Candidate Sentenced for Abortion Protest Role : Justice: Connie Youngkin, running in 76th Assembly District, gets 60 days but is free pending appeal.

TIMES STAFF WRITER

Connie Youngkin, an anti-abortion activist who has made the phrase "First I go to jail, then I go to Sacramento" the unofficial slogan in her state Assembly campaign, Tuesday was sentenced to 60 days in jail for blocking a La Mesa medical clinic late last year.

El Cajon Municipal Judge Eddie Sturgeon, who suspended 120 days of the 180-day sentence that he imposed on Youngkin, allowed the Poway Republican to remain free on $5,000 bond pending the outcome of her appeal, which attorneys said could last from six months to several years.

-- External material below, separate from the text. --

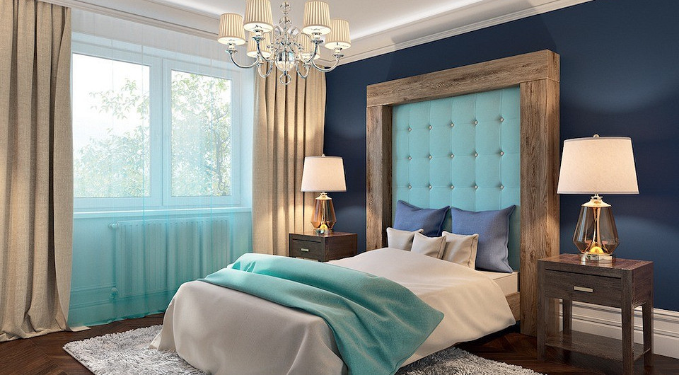 Две стены покрашены в «прусский голубой» — цвет, который ещё называют королевским. Его глубину и выразительность усиливают «медовые» основания ламп и рама зеркала. Золотая отделка и изящные светильники контрастируют с грубым изголовьем кровати из состаренного деревянного бруса. Натуральная древесина и классический дубовый паркет — «цитаты» из деревенского стиля, обращение к простым формам. Таким образом, в одном пространстве иронично сведены помпезность и простота. Брутальное изголовье и изысканный декор связывает нейтральный текстиль.

As a result, Youngkin, who was jailed last year on a similar charge, probably will not have to confront the prospect of campaigning for the Republican nomination in the 76th Assembly District from jail--an approach that she had said earlier she intended to take, if necessary.

"I have no skeletons in my closet--they're all on the front page," Youngkin said after learning her sentence, which included a $250 fine, $200 restitution to the clinic to pay for damaged plants and three years' probation. If Youngkin were to break the law again during her probation, she could be sentenced to serve the 120-day suspended portion of her jail term.

After a four-day trial, Youngkin was convicted last month of trespassing during a demonstration last October in front of a La Mesa clinic that performs abortions. That demonstration, which drew more than 500 people, was organized by Operation Rescue, a nationwide anti-abortion group that regularly pickets abortion clinics.

In urging Sturgeon to simply place Youngkin on probation, defense attorney Stephen Hurst implored the judge to "put aside the controversy that rages around us" over the abortion issue and to treat the case as a "simple trespass"--an infraction undeserving, he argued, of a substantial jail term.

"Connie Youngkin has obeyed the law--the law of God," Hurst said. "Her commitment to Jesus Christ the Lord is more important than anything this court can do. She has believed that she was required by that law to trespass if needed to save a life."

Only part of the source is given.